Volume 79, Issue 9, September 2018, Pages 678-684

https://doi.org/10.1016/j.humimm.2018.06.010 Get rights and content

Abstract

A challenging task when more than one HLA gene is evaluated together by second-generation sequencing is to achieve a reliable read mapping. The polymorphic and repetitive nature of HLA genes might bias the read mapping process, usually underestimating variability at very polymorphic segments, or overestimating variability at some segments. To overcome this issue we developed hla-mapper, which takes into account HLA sequences derived from the IPD-IMGT/HLA database and unpublished HLA sequences to apply a scoring system. This comprehends the evaluation of each read pair, addressing them to the most likely HLA gene they were derived from. Hla-mapper provides a reliable map of HLA sequences, allowing accurate downstream analysis such as variant calling, haplotype inference, and allele typing. Moreover, hla-mapper supports whole genome, exome, and targeted sequencing data. To assess the software performance in comparison with traditional mapping algorithms, we used three different simulated datasets to compare the results obtained with hla-mapper, BWA MEM, and Bowtie2. Overall, hla-mapper presented a superior performance, mainly for the classical HLA class I genes, minimizing wrong mapping and cross-mapping that are typically observed when using BWA MEM or Bowtie2 with a single reference genome.

Introduction

The human leukocyte antigen (HLA) complex comprehends the most variable segment of the human genome. This complex plays a central role in the immune response since HLA molecules are key features for antigen presentation and immune response modulation [1]. HLA genes compatibility between recipient and donor influences graft acceptance, therefore, HLA variability is frequently evaluated for clinical purposes. Moreover, different HLA variants might be related to differential immune responses against pathogens, susceptibility to autoimmune diseases, or even to specific tumors [2]. The classical HLA class I genes, HLA-A, HLA-B, and HLA-C, are highly polymorphic loci and encode a key molecule for antigen presentation to T CD8+ lymphocytes. The non-classical HLA class I genes, HLA-G, HLA-E, and HLA-F, are conserved at the DNA and protein level and encode immune-modulatory molecules [3], [4], [5].

Much effort has been made to characterize HLA polymorphisms and complete sequences in worldwide populations. Most of the studies are restricted to the coding region, or even to exon segments only. However, with the advent of next-generation sequencing (NGS), or massively parallel sequencing, information regarding introns and regulatory segments has been obtained, as well as the characterization of many new allele variants, providing deeper insights regarding HLA worldwide variability and extended haplotypes. This is particularly evident for non-classical HLA class I genes [6], [7], [8]. In addition, NGS strategies do allow the evaluation of several genes all at once, and also allow the phase definition (haplotypes) among part of the variants detected. Nevertheless, when two or more HLA genes are sequenced at the same time using NGS methods, a challenging task is to achieve a reliable read mapping. Because of the polymorphic and repetitive nature of most of the HLA genes due to their paralogous origins, the following issues may arise when raw data (the reads) are mapped to a single reference genome.
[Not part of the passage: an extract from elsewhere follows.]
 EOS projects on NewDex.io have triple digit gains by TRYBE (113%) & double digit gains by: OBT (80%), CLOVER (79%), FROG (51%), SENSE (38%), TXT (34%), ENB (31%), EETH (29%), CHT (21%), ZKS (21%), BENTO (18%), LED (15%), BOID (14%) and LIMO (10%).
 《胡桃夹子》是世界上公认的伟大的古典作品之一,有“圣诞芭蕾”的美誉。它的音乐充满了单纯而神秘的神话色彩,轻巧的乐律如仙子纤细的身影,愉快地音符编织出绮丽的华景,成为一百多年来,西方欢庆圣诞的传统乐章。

First, the classical HLA class I genes are among the most variable genes in the human genome. The International Immunogenetics Database (IPD-IMGT/HLA database, version 3.31.0) describes more than 12,893 class I alleles [9]. Because of the polymorphic nature of classical HLA genes, the sequences (or reads) obtained by NGS methods usually present too many nucleotide differences when compared with the reference human genome. Thus, well-established aligners such as BWA (the Burrows-Wheeler Aligner) and Bowtie2 [10], [11] frequently do not map classical HLA class I sequences correctly. Usually, when these algorithms are used with default parameters, because of the high polymorphism, many reads do not find a match in the reference genome, leading to a mapping bias that underestimates HLA variability and overestimates reference allele frequencies [12], [13], [14]. Moreover, when a higher tolerance for mismatches is defined, many reads are incorrectly mapped as explained below.
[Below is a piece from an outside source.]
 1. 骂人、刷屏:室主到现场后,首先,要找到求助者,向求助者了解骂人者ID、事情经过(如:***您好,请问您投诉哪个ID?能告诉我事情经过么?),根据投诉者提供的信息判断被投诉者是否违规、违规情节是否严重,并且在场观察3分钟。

Second, mostly due to the high sequence similarity among HLA genes, polymorphisms may lead a sequence to be more compatible with the reference sequence of another HLA gene than with the reference of the original gene. Thus, when the tolerance for mismatches is increased to avoid the aforementioned mapping bias, this second issue leads to a large number of reads mapping to more than one HLA gene into the reference genome, or simply mapping to the wrong gene. In this scenario, it is expected an overestimation of genetic diversity in segments presenting a large number of incorrectly mapped reads. Third, depending on the NGS method used, a large number of very short reads is produced and they could exacerbate the issues already presented.
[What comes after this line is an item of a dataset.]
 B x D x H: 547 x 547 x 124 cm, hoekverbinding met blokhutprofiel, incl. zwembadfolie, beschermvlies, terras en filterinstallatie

The BWA developers do acknowledge the issues presented above. They created the bwa.kit to improve HLA read mapping based on alternative contigs and known HLA sequences from the IPD-IMGT/HLA. However, its use is not straightforward and the data obtained might bias downstream genotyping procedures as discussed later. In addition, other attempts to evaluate the efficiency of many mappers and variant call methods in complex regions have been made, but mapping improvement depends on the mapper and variant caller combination [15], [16].

All the issues introduced above could be circumvented if the reads of each HLA gene were tagged with different indices, but this strategy is cost ineffective. Usually, the aim is to sequence all HLA genes from a given individual in a single sequencing run, tagging each individual with specific indices, thus allowing the evaluation of many samples at the same time. Additionally, research groups could be interested in other non-HLA genes that may be sequenced together with HLA, or even in evaluating HLA from whole genome sequencing.

Although many companies have introduced different NGS HLA-typing kits and specific applications to call HLA alleles, these products are mainly focused on reporting pre-defined alleles from the IPD-IMGT/HLA database, for clinical purposes. In this context, they are usually restricted to the segments tracked by the aforementioned database, which does not include the complete upstream regulatory regions and the complete 3′ untranslated segments. In addition, these applications usually produce good results when the HLA typing kits from the same manufacturer are used. However, they may not be suitable when alternative approaches to characterize HLA genes are applied (e.g., when other non-HLA genes are included in the sequencing). These applications are usually not freely available.

Many publicly available typing tools have recently been developed to call HLA alleles from NGS data [14], [17], including HLAminer [18], HLA-VBseq [19], HLAreporter [20], OptiType [21], and others. In general, these tools report only the HLA typing and do not properly handle new HLA alleles. Moreover, they usually do not output aligned (BAM/SAM) files that can be further processed (for instance, to infer SNP genotypes).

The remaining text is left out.